Supine baseline data.
Baseline supine data for BP, HR, CO, SVR, CBFv, V̇e, and ETCO2 are shown in Table 1. There was no significant difference in CO, SVR, V̇e, MAP, systolic BP, diastolic BP, pulse pressure, ETCO2, or mean CBFv between POTS-HV, Panic, and Voluntary HV. HR was significantly increased in POTS-HV but not in Panic.
Table 1.
Healthy Volunteer | POTS Hyperventilation | Panic Disorder | |
---|---|---|---|
Heart rate, beats/min | 66 ± 3 | 82 ± 5* | 74 ± 5 |
Systolic BP, mmHg | 115 ± 3 | 118 ± 2 | 114 ± 3 |
Diastolic BP, mmHg | 60 ± 2 | 62 ± 2 | 68 ± 3 |
MAP, mmHg | 79 ± 4 | 77 ± 4 | 81 ± 4 |
Pulse pressure, mmHg | 54 ± 3 | 55 ± 4 | 47 ± 3 |
Respiratory rate, breaths/min | 14 ± 1 | 15 ± 1 | 14 ± 1 |
V̇e, l/min | 6.8 ± 0.7 | 7.4 ± 0.7 | 6.7 ± 0.7 |
Tidal volume, liters | 0.49 ± 0.03 | 0.50 ± 0.08 | 0.51 ± 0.05 |
ETCO2, Torr | 41.4 ± 0.6 | 38.2 ± 0.8 | 41.9 ± 0.5 |
Cardiac output, l/min | 5.7 ± 0.4 | 5.4 ± 0.2 | 5.8 ± 0.4 |
TPR, mmHg·l−1·min−1 | 16.3 ± 1.5 | 15.6 ± 1.5 | 15.1 ± 1.0 |
Mean CBFv, cm/s | 72 ± 3 | 73 ± 6 | 75 ± 3 |
Values are means ± SE. BP, blood pressure; CBFv, cerebral blood flow velocity; ETCO2, end tidal carbon dioxide; MAP, mean arterial pressure; POTS, postural tachycardia syndrome; TPR, total peripheral resistance.
P < 0.05 difference from healthy volunteer control subject.
Upright tilt data.
It was uncommon for a patient with panic disorder to endure upright positioning for more than a few minutes of tilt, although one patient was able to endure 11 min.
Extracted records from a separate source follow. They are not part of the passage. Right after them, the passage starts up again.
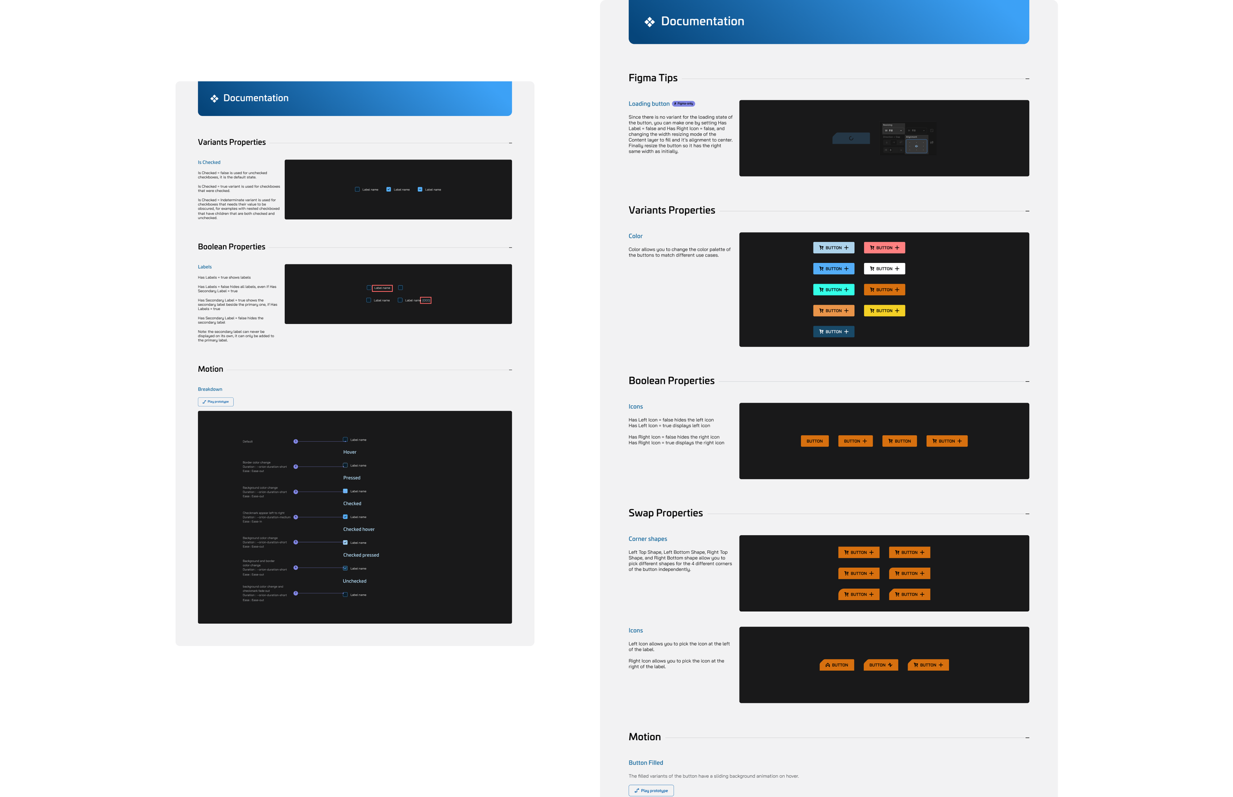 To support developers and QA teams, I created detailed documentation for each component integrated into the design system. This documentation outlines the component’s purpose, structure, and behavior across all possible states and variants. It also includes usage guidelines, interaction patterns, and motion specifications to ensure consistency in implementation. By providing clear examples and edge cases, the documentation helps developers anticipate technical constraints and allows QA to validate every scenario with precision.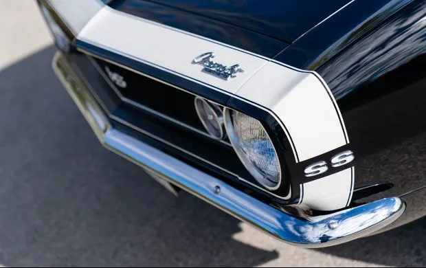 This model is rare L78 Camaro convertible, one of the 27 examples known to still exist (only 150 convertibles were built in 1967). The L78 was a Big-Block engine producing 375 hp. The car was known on the Super Stock drag races as the Batcar with its livery inspired by the Batman franchise. In two seasons, the car had multiple successes including SS/1A Class Champion at the AHRA and NHRA Winternationals in 1969.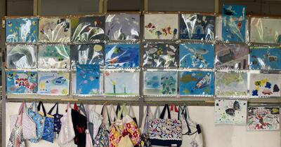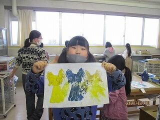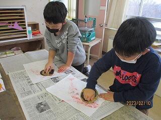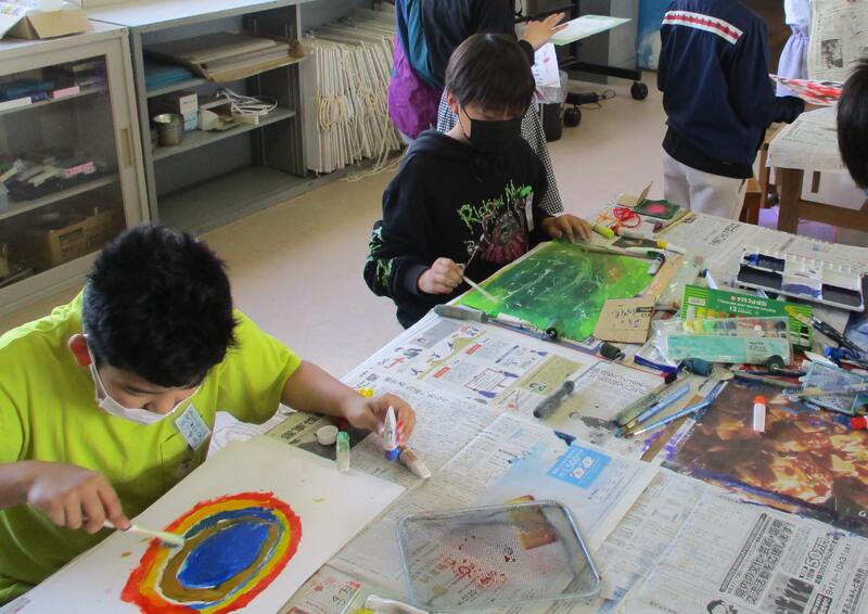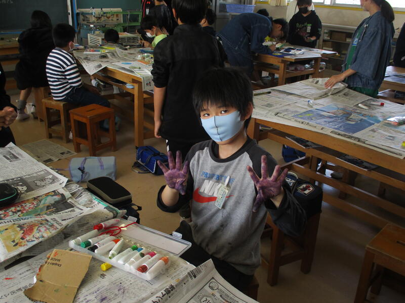 図工室では,3年生が版画の印刷中でした。紙や色々な材料で作った版画版を,カラフルなインクで刷っていました。色も構図もステキですね!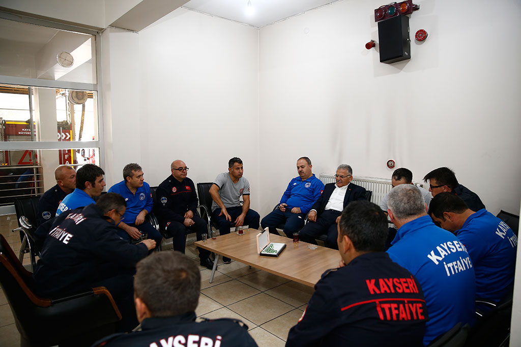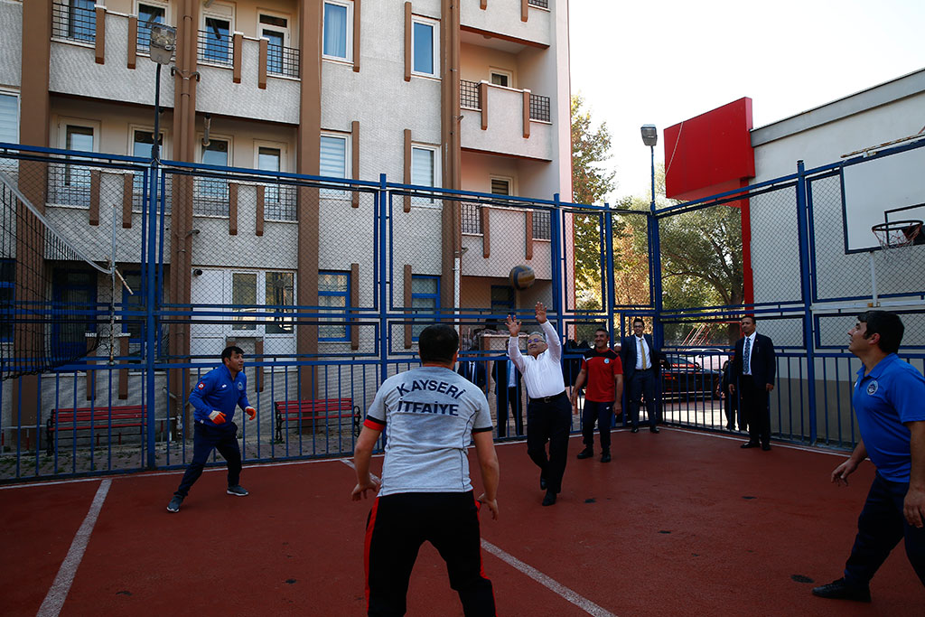 Kayseri Büyükşehir Belediye Başkanı Dr. Memduh Büyükkılıç, vatandaşlar ve belediye birimlerine yönelik sürpriz ziyaretlerini sürdürüyor. Önce Bozantı Caddesi’ndeki taksi durağını ve İnönü Parkı’nı ziyaret eden Başkan Büyükkılıç, daha sonra Büyükşehir Belediyesi İtfaiyesi’ni ziyaret ederek itfaiye personeli ile voleybol oynadı. Büyükşehir Belediye Başkanı Memduh Büyükkılıç, Bozantı Caddesi’ndeki Gül Taksi Durağı’nı ziyaret etti. Taksici esnafı ile bir süre oturan Başkan Büyükkılıç, şehirle ilgili görüşlerini sordu. Başkan Memduh Büyükkılıç, daha sonra İnönü Parkı’nı ziyaret ederek, parkta bulunan vatandaşlarla sohbet etti. Başkan Büyükkılıç, parkta oynayan çocuklara da Kayserispor forması hediye etti. Büyükşehir Belediye Başkanı Memduh Büyükkılıç, sürpriz ziyaretlerini İtfaiye Daire Başkanlığı ile sürdürdü. Başkan Büyükkılıç, burada itfaiye personeli ile birlikte voleybol oynadı. Daha sonra itfaiye personeli ile bir süre sohbet eden Başkan Büyükkılıç, taleplerini dinledi ve yapılan çalışmalarla ilgili bilgi aldı.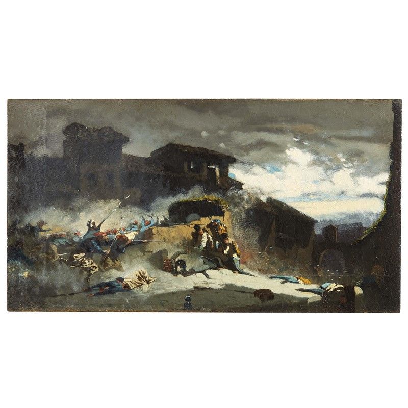 Il bozzetto qui presentato, spesso chiamato Carica di Zuavi, rappresenta lo studiop per la tela più grande della serie: La Cacciata degli austriaci. Quest’ultima fu esposta alla Promotrice di Firenze del 1861 e successivamente alla prima Esposizione Nazionale, dove ottenne una medaglia per essere poi acquistata da Isabella Falconer.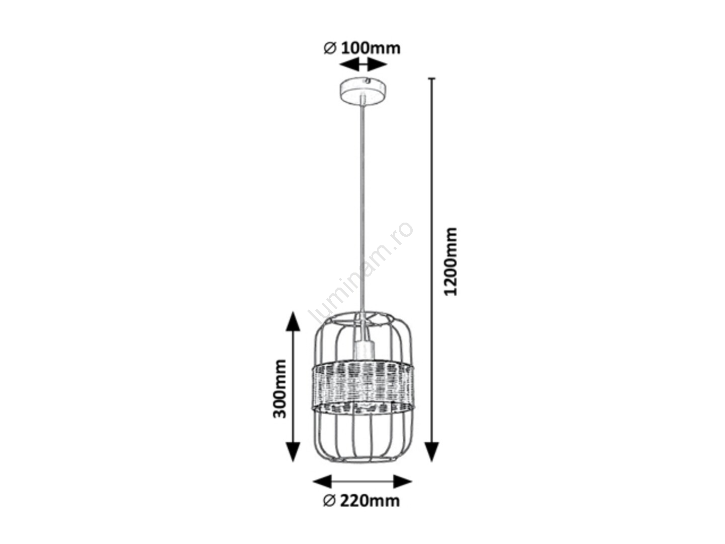 Lustra suspendată Indiana în stil industrial va deveni o piesă distinctivă în decorul sufrageriei, dormitorului, sălii de mese sau bucătăriei dumneavoastră moderne. Acest model negru mat, realizat din metal, este completat de un abajur suspendat în formă de cușcă și o decorațiune naturală țesută în jurul abajurului. Lampa Indiana poate fi fixată pe tavan cu ajutorul unei baze rotunde și decorative. Lampa suspendată poate fi utilizată cu un bec de până la 40W. Tipul soclului este E27. Pentru a crea o atmosferă intimă și primitoare, alegeți un bec care emite lumină albă caldă pentru acest model. Dimensiunile lămpii suspendate Indiana sunt următoarele: diametru 220 mm, înălțime 300 mm, distanța față de tavan 1.200 mm. Acest model este livrat fără sursă de lumină.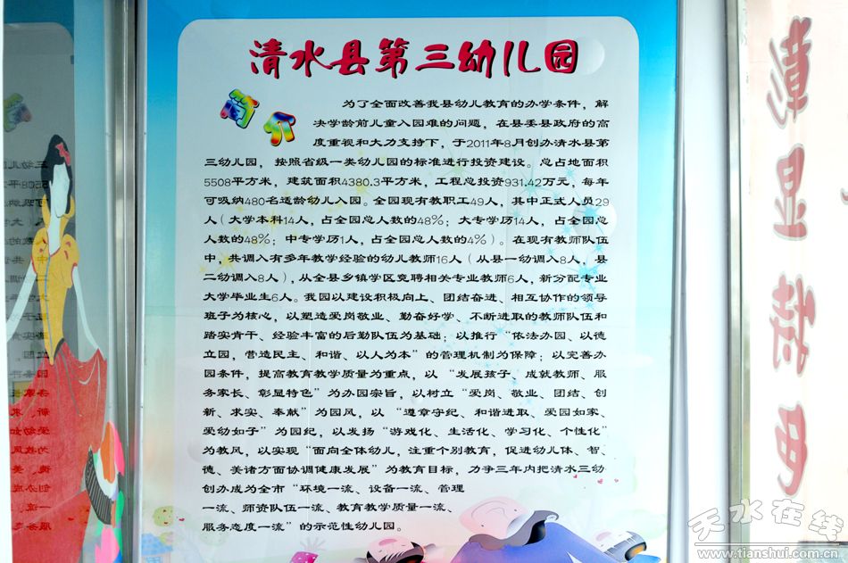 清水縣第三幼兒園于2010年8月立項(xiàng)建設(shè),2011年8月竣工,2012年3月正式投入使用。幼兒園按照省級(jí)一類幼兒園標(biāo)準(zhǔn)規(guī)劃建設(shè),工程總投資1460萬(wàn)元,占地面積5508平方米,建筑面積4380.3平方米,F(xiàn)有教職工58人,其中正式人員28人,教師平均年齡32歲,其中大專以上學(xué)歷占96%。設(shè)有12個(gè)日托教學(xué)班,本學(xué)期共招收幼兒490名,是目前全縣規(guī)模最大的幼兒園。

Postural hyperventilation in POTS was characterized by hyperpnea without tachypnea, as previously reported (9, 45).
Respiratory responses and CBFv.
Figure 1 shows that TV immediately increased in POTS-HV with tilt and accounted for much of the V̇e increase (P < .001) because there was no increase in RR in this group. Rather, there was a small, albeit nonsignificant, decrease in RR with time following the initial tilt-induced increase. This contrasted with Panic in which TV increased only after the initial period and was associated with a significant increase in RR. By design, RR was fixed for the Voluntary HV group. Their TV increased during the period of voluntary hyperpnea to levels similar to those observed in POTS-HV. ETCO2 decreased similarly for patients with POTS-HV, Panic, and Voluntary HV enrollees, whereas CBFv decreased in parallel for all of these groups, as expected.
Hemodynamic responses to tilt.
Figure 2 shows representative tracings of MAP, CO, and SVR for Voluntary HV, POTS-HV, and Panic. MAP increased in POTS-HV and Panic, whereas it decreased in Voluntary HV with the onset of upright hyperventilation. CO significantly decreased in POTS-HV but increased in Panic and Voluntary HV. SVR increased similarly in POTS-HV and Panic but decreased markedly in Voluntary HV.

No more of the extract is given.